We have two state buffers, a client state buffer, and a server state buffer. Both of these hold a shared StateBuffer object which we use for tracking sequence id acknowledgements, and their associated position, velocity and rotation values. This is so we can compare what the client physics predicted with what the server predicted and returned to us. Since the client is already “in the future” we need to have a historical series of values for each frame between where we are now in the client and where we are when the server sent the result back to us.

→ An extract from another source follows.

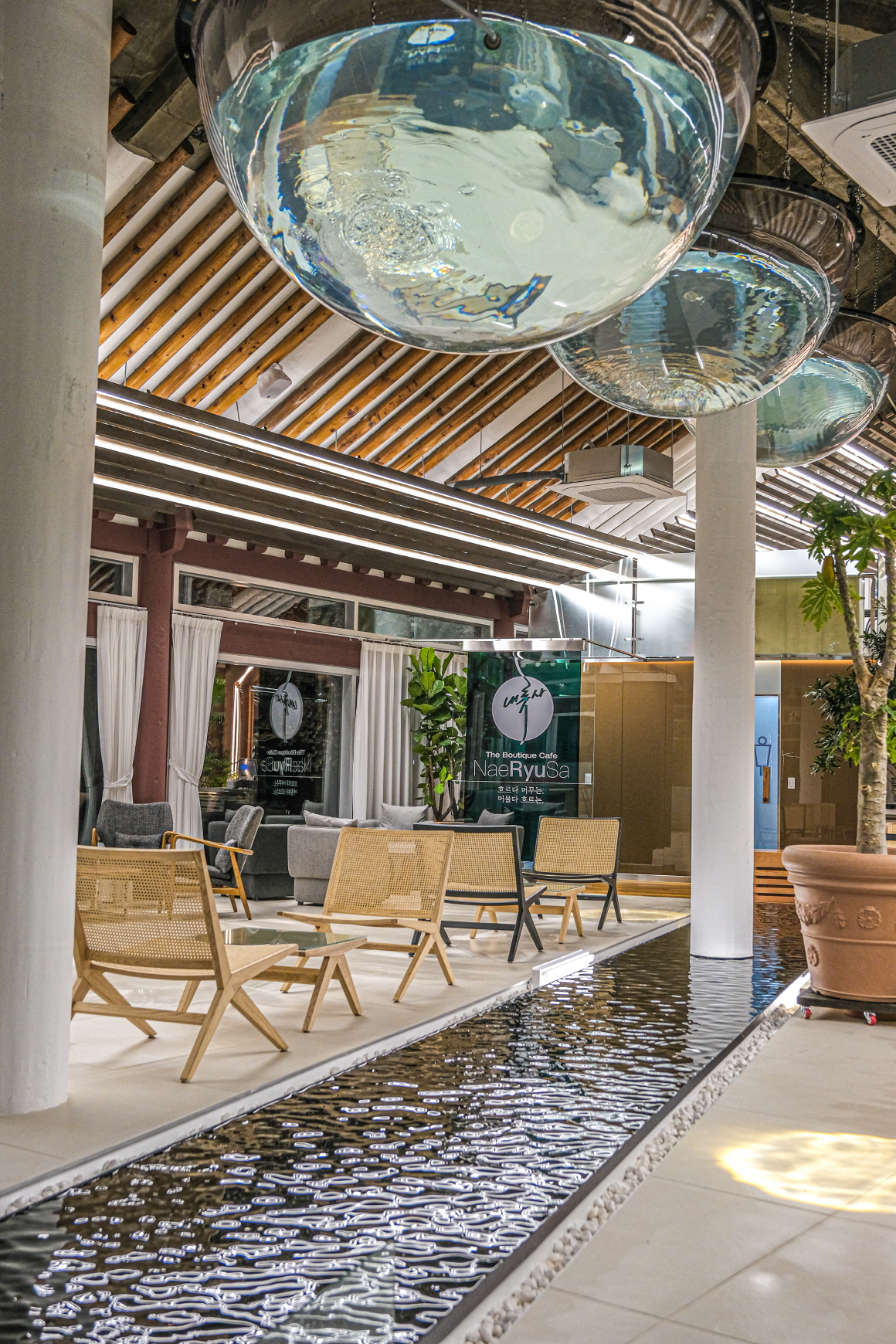 물이 흐르는 대형 한옥 베이커리 카페

If they disagree, we set a network::PhysicsDescyned component on the player so our physics system can roll the player back. OK so that’s the client point of view, which honestly we don’t care TOO much about here, except that all of these updates occur in a single 1024 byte packet. Let’s do a quick refresh of the server aspect of this

Server receives a packet from the client over the unreliable UDP channel, we decrypt it in our network thread and put it into our packet queue. The first, and only processing this frame of that packet is putting it into our JitterBuffer. This jitter buffer exists for each player and is used to collect a few packets from them to handle cases where we start getting packet loss.

If we DO have dropped packets, we read in that players historical inputs and try to ‘fill in the blanks’ of the packets that were dropped. This allows us reduce the chance of the player being desynchronized because we lost an action or input that would put them in different places (client thinks it pressed move forward, server says it didn’t, so server tries to move the player back).

OK so for that frame we actually have another system that processes the ‘head’ of the jitter buffers packet data. This pop’s the client’s packets data that was sent a few frames back and processes it. (This basically means the server is running in the past).

Let’s say this packet the server processes moves the character forward and into a new map chunk/cell. This action will update the Area of Interest (AoI) for that player and any players within the same cell. Processing the cell’s inhabitants we put which players can see which other players in their own unique vector of neighbors.

With our AoI updated, we now need to serialize this state and send to the player it’s list of neighbors. Some of these neighbors may be new, requiring us to send LOTS of data, and some may be old, requiring us to only send a delta of what changed since the last packet went out. A new player can require almost 120-160 bytes of data, where as an update may only require us to send 20 or so bytes (if they haven’t moved for instance).

We take this serialized state and push it onto our queue from our game thread to be processed by the network thread. The network thread pops it off the queue, creates a new network message, increments the sequence id by 1, and sets inside what the last sequence id IT saw from that particular client.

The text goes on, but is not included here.